One of the reasons for high unemployment for those 50 and older is age discrimination in the workplace. Employers sometimes wrongly assume that these candidates lack necessary skills. Additionally, job seekers may be hesitant to adjust to a lower salary range or unable to do the work they did when they were younger. For example, at 65, you may no longer be deemed fit to work in construction or carpentry.
Candidates need to identify their transferable skills. Often, people don’t realize that the job they held in the past equipped them for work in a wide variety of industries.
Additionally, the recruitment and job search processes have changed dramatically, compounding the problem. Job seekers 50-plus, some of whom may not even have an email address, must learn to look for jobs and submit resumes online and, ideally, understand social media sites like Linkedin.

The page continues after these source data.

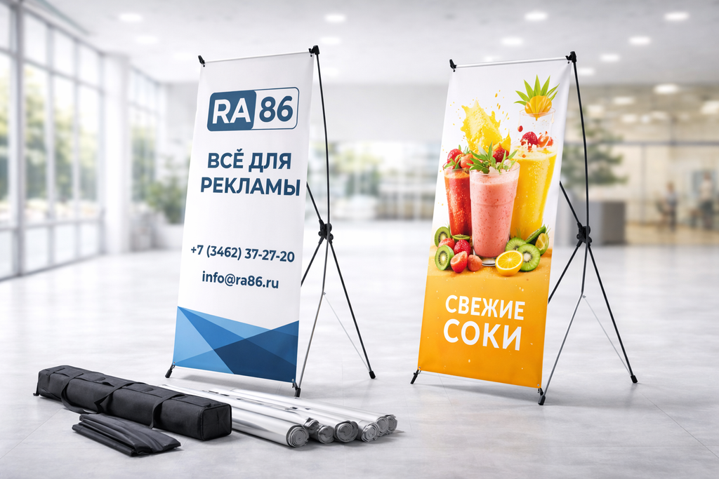 Компания RA86 изготавливает X-баннеры с печатью под ключ: баннер, каркас, помощь с макетом и доставка. Это оптимальное решение, если нужен бюджетный стенд с быстрым изготовлением и аккуратным внешним видом.
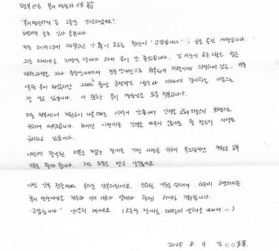 [한국기자연대] 홀로 사는 70대 어르신이 천안시에 시 복지 정책에 대한 감사의 뜻을 담은 편지와 함께 취약계층을 위한 후원금을 전달해 눈길을 끌고 있다.
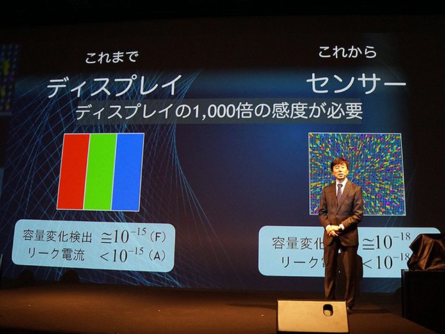 「実はディスプレイの製造技術とセンサーの技術とは親和性がある」と語るのは長岡氏。「TFTから微弱な電流を流して液晶電子やEL材料を動かすのがディスプレイ。一方、センサーは外で起きていることをなんらかの手段でTFTに伝えるものだからだ」と、その理由を説明する。
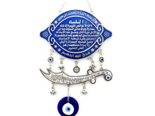 玻璃制品,土耳其传统避邪物,也是很有当地特色的纪念品:浅蓝或深蓝色的圆形玻璃片,中间有一点白色,上面再点一小滴黑色。当然也有很多变化,如镶在不同形状的外壳中或做成水滴形、爱心形等。
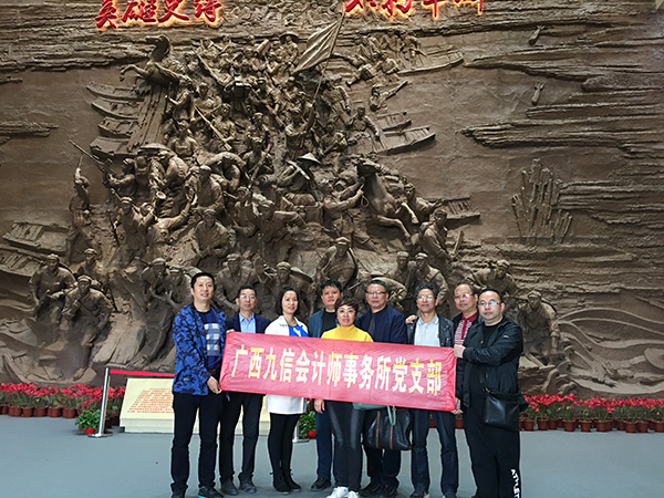 青山埋忠骨,湘江颂英灵。朝阳下的全州红军长征湘江战役纪念馆熠熠生辉,纪念馆开门不久,馆内已是人头攒动,门口排起了长长的队伍。九信会计师事务所党支部的党员同志们,怀着对革命先烈深深的敬仰之情,通过聆听讲解,观看图片、实物、影视等方式,进一步了解湘江战役脚山铺阻击战的那段烽火岁月,感悟阻击战中红军的英雄事迹和悲壮慷歌。“三年不饮湘江水,十年不食湘江鱼”。脚山铺阻击战,是湘江战役三大阻击战中规模最大的一次阻击战斗,1934年11月27日,红一军团部队渡过湘江,控制了屏山渡口至界首渡口的湘江防线,并在脚山铺阻击湘军南下。11月29日至12月1日,红一军团第一师、第二师,与湘军超过四个师的部队,在脚山铺、白沙河一带激战三个昼夜,2000多名指战员牺牲,以自己的血肉之躯,以大无畏的牺牲精神,筑起了军委纵队和后续部队抢渡湘江的生命通道。参观完毕后,广西九信会计师事务所的党员同志们纷纷表示,在今后的工作中,一定要继承和发扬好红军将士在湘江战役中体现出的“勇于胜利、勇于突破、勇于牺牲”精神,真正做到感党恩、听党话、跟党走,紧密团结在以习近平同志为核心的党中央周围,继续在自己的工作岗位上坚持以诚信为本,按照独立公正的原则,严格执行中国注册会计师独立审计准则,做一名合格的中国“经济警察”。

Older people are unemployed for longer than any other age group, but there are steps to take, and resources to utilize, to help you find work when you’re over 50.

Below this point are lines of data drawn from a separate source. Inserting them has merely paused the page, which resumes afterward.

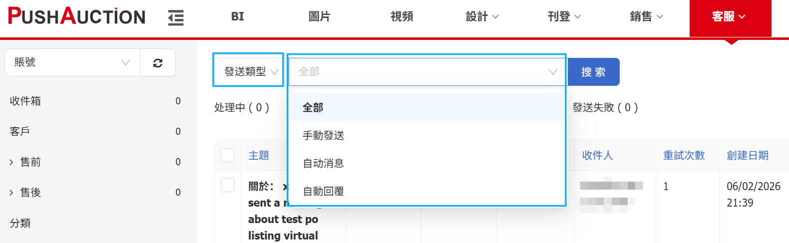 - 頁面頂部可通過“處理中/發送隊列/發送歷史/發送成功/發送失敗”標簽,快速篩選不同發送結果的記錄
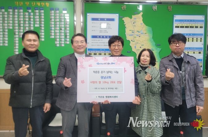 뉴스펀치 김길룡 기자 | 광명시 학온동 행정복지센터는 지난 18일 추수감사절을 맞아 학온동 광남교회로부터 교인들이 정성껏 모은 쌀 10kg들이 28포를 전달받았다.
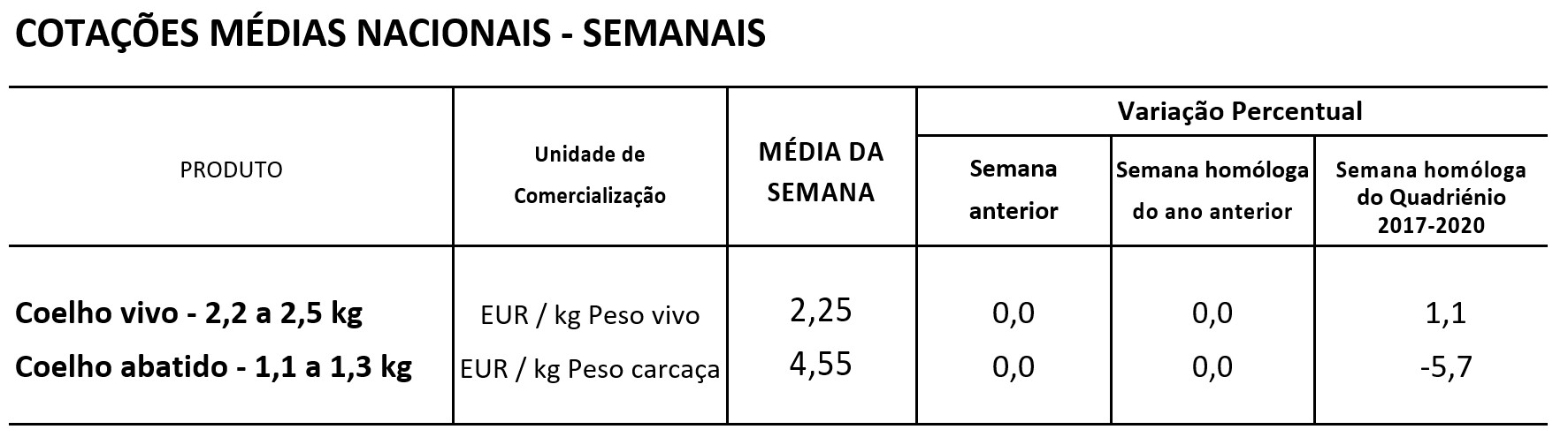 Na semana em análise as cotações médias nacionais do coelho, vivo (de 2,2 a 2,5 kg) e abatido (de 1,1 a 1,3 kg), voltaram a manter-se estáveis em relação à semana anterior.

“Applying for jobs and getting employment is a lot different than it was five years ago,” explains Jonathan Leslie, executive director of the Institute for Workforce Innovation. “People need to understand technology to expedite their job search. You cannot even apply for a job on paper anymore. For a significant amount of people, this is a barrier,” he says.
Leslie explains that every state has workforce development boards with career centers where people can get help with every step of the job search. “One of the first steps when assessing a new applicant is determining what he or she wants to do. Some people need to work full-time and have full benefits; others need to work part-time to offset unanticipated expenses. Narrowing down your goals and objectives is one of the first things we do.”
So perhaps you’re no longer physically able to work in construction. That doesn’t mean your leadership skills and ability to multi-task and work well on a team couldn’t benefit employers in a seemingly unrelated field. Candidates need to identify their transferable skills. Often, people don’t realize that the job they held in the past equipped them for work in a wide variety of industries.
“We look at what candidates have done over their lifetime, see what is transferable to today’s market, and teach them how to market that,” says Leslie.
Gone are the days of five-page C.V.s, detailing all of your work and attributes. “Potential employers want to see bullet points, not a laundry list,” says Leslie.
Career centers help 50-plus job seekers convey their skills succinctly and professionally.
These days, employers use a wider array of interview techniques, including personality assessments. Leslie references an episode of ABC’s The Middle to illustrate the issue: “The TV show character, a father, loses his job. His son shows him how to apply for a new job online. He gets to the interview and they ask, ‘What superhero would you want to be?’ He says, ‘I don’t know, I just want to work!'”
Candidates need to be prepared to answer these less orthodox questions, and to practice emphasizing their relevant skills in all of their responses.
Kristina Payne, workforce investment manager at Lane Workforce Partnership, a business-led forceful development program, prefers the term “skill upgrade” to job training. For example, you may be familiar with Microsoft Office, but there are always new versions and aspects to master. Taking a series of classes “demonstrates you are serious and willing to learn new things,” she explains. “The word ‘training’ can scare people.”
Together with GoodWill Industries and Lane Community College, Lane Workforce Partnership has launched the PLUS+ Program to train older, unemployed people for call center jobs in Lane County, Oregon, thanks in part to a grant from AARP Foundation. Participants partake in a free eight-week training program to prepare for the work. Those who successfully complete the classes are guaranteed an interview with one of the program’s partners, including Royal Caribbean International, which will hire 140 employees for their call center by the end of December.
Of course, the program not only benefits the potential employees but also the employers. The 50-plus age group has a lot to offer. “They tend to have a lot more dedication to their job and better attendance and attention to detail,” notes Leslie. “That means a lot to employers right now. It’s about being able to sell yourself, your skills and your dedication.”